▸ SUPPLIED ENTRIES
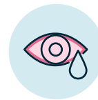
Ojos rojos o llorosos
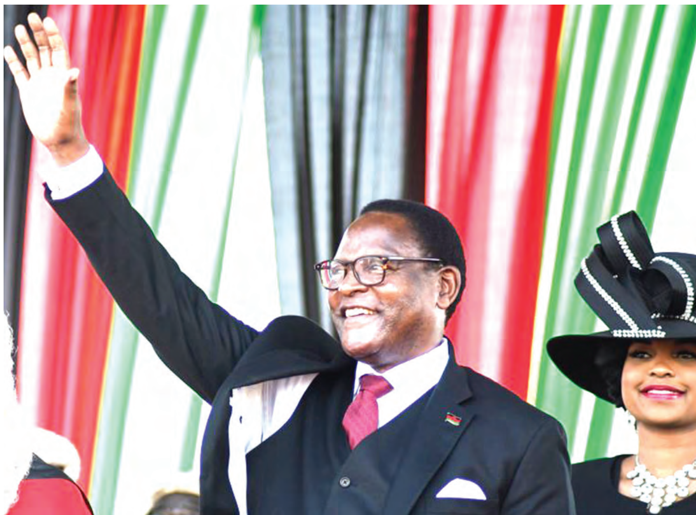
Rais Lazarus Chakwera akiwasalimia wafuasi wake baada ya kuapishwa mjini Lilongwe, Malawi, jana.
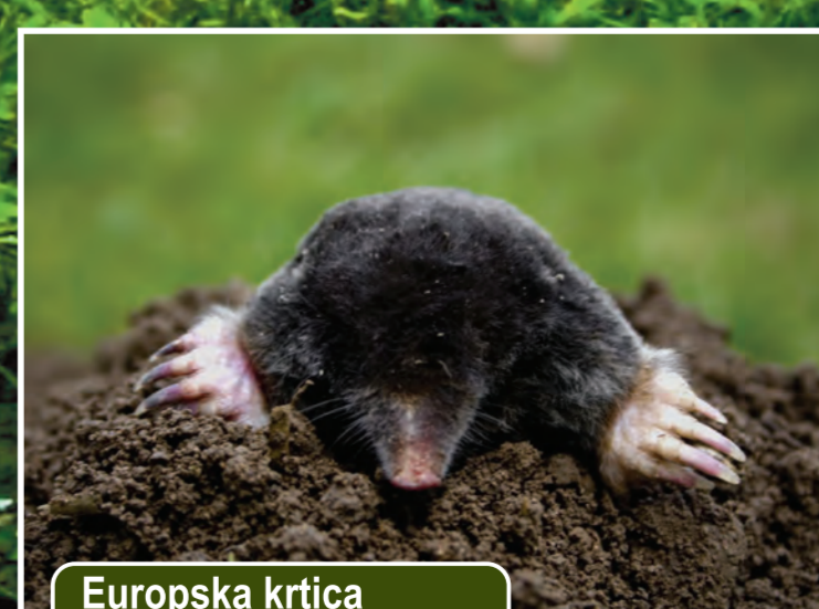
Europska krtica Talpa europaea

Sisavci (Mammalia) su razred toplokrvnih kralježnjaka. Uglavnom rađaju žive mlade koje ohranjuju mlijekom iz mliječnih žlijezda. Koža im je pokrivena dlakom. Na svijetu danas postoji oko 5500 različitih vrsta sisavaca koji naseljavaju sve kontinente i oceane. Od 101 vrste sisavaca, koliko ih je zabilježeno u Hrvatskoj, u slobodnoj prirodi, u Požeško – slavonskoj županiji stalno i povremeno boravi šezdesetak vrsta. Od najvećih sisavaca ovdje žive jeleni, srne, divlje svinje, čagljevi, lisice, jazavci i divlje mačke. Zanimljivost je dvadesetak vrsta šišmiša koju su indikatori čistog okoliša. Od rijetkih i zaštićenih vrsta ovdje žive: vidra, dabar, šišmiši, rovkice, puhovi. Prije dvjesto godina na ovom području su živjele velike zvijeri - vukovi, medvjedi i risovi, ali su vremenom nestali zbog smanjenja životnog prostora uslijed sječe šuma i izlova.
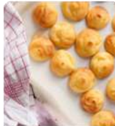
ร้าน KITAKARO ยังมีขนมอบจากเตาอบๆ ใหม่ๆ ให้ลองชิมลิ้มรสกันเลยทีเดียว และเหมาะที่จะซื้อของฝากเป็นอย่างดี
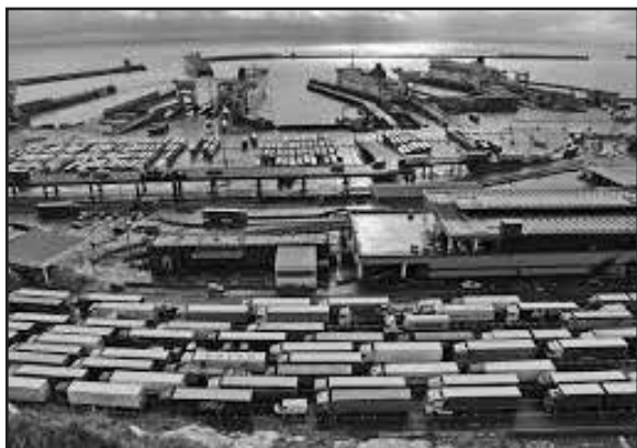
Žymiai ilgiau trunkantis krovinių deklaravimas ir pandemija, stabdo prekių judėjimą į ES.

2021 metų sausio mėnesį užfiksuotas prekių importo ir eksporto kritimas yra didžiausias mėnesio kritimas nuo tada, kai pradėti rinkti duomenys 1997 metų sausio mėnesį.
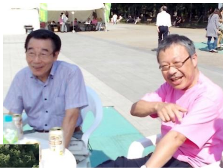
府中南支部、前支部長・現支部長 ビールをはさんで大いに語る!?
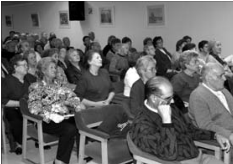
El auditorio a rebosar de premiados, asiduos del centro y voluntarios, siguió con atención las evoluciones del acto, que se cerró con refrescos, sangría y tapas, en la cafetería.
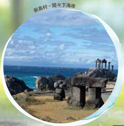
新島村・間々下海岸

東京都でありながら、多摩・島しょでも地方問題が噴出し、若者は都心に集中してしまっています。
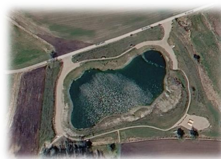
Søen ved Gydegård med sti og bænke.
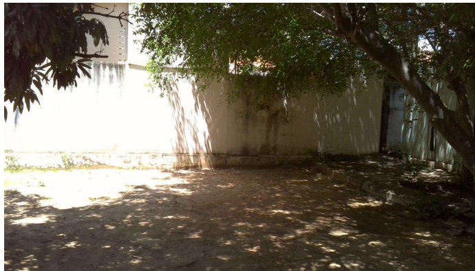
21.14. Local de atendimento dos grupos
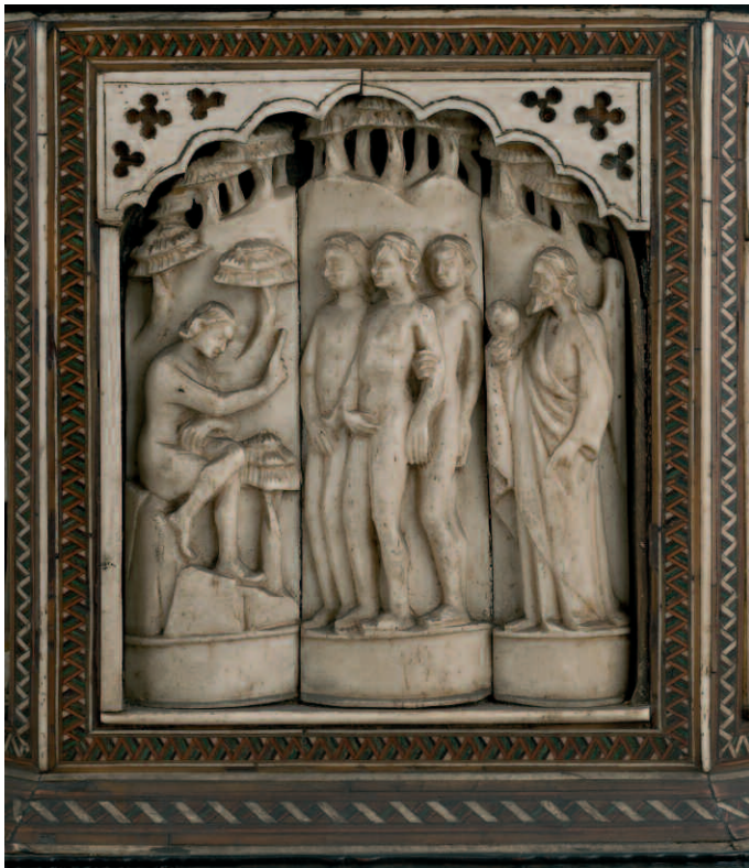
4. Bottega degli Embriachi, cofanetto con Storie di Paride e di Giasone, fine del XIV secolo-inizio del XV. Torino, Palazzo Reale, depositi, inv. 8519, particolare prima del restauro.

--

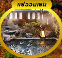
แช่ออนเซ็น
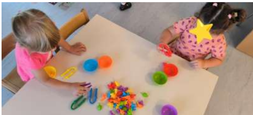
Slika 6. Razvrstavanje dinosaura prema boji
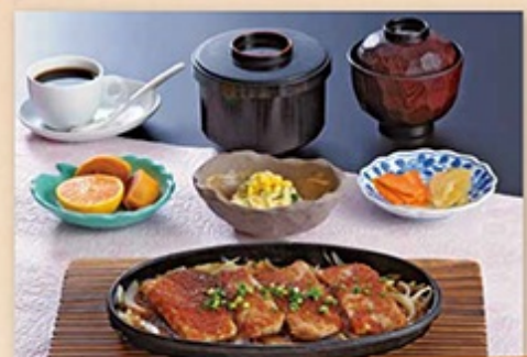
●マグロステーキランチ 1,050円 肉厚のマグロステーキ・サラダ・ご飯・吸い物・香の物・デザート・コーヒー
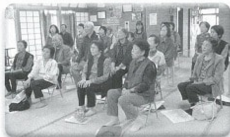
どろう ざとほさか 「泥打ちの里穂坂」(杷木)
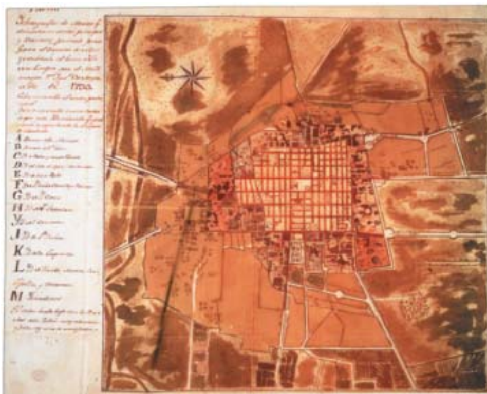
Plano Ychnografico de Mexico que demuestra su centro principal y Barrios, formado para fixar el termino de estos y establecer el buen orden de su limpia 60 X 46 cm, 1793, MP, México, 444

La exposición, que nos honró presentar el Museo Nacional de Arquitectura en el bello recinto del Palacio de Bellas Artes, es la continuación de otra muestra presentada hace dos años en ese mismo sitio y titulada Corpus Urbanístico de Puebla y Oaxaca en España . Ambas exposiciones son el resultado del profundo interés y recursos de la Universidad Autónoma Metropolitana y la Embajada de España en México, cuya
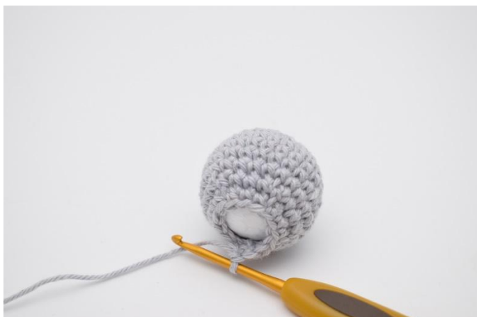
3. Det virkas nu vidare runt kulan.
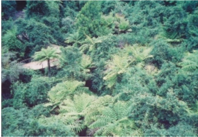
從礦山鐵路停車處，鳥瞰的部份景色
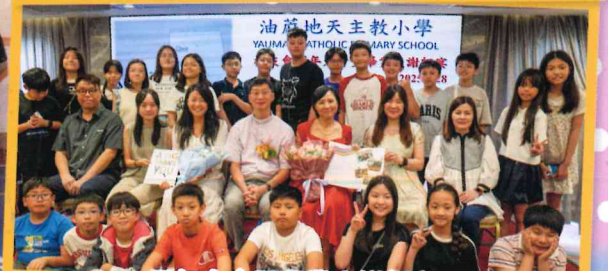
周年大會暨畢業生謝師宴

▸ EXERCISE DIRECTIONS
Show the lines of the entries that include the string "prekių", copying each in full.

▸ RESPONSE FOR THIS EXERCISE
Žymiai ilgiau trunkantis krovinių deklaravimas ir pandemija, stabdo prekių judėjimą į ES.
2021 metų sausio mėnesį užfiksuotas prekių importo ir eksporto kritimas yra didžiausias mėnesio kritimas nuo tada, kai pradėti rinkti duomenys 1997 metų sausio mėnesį.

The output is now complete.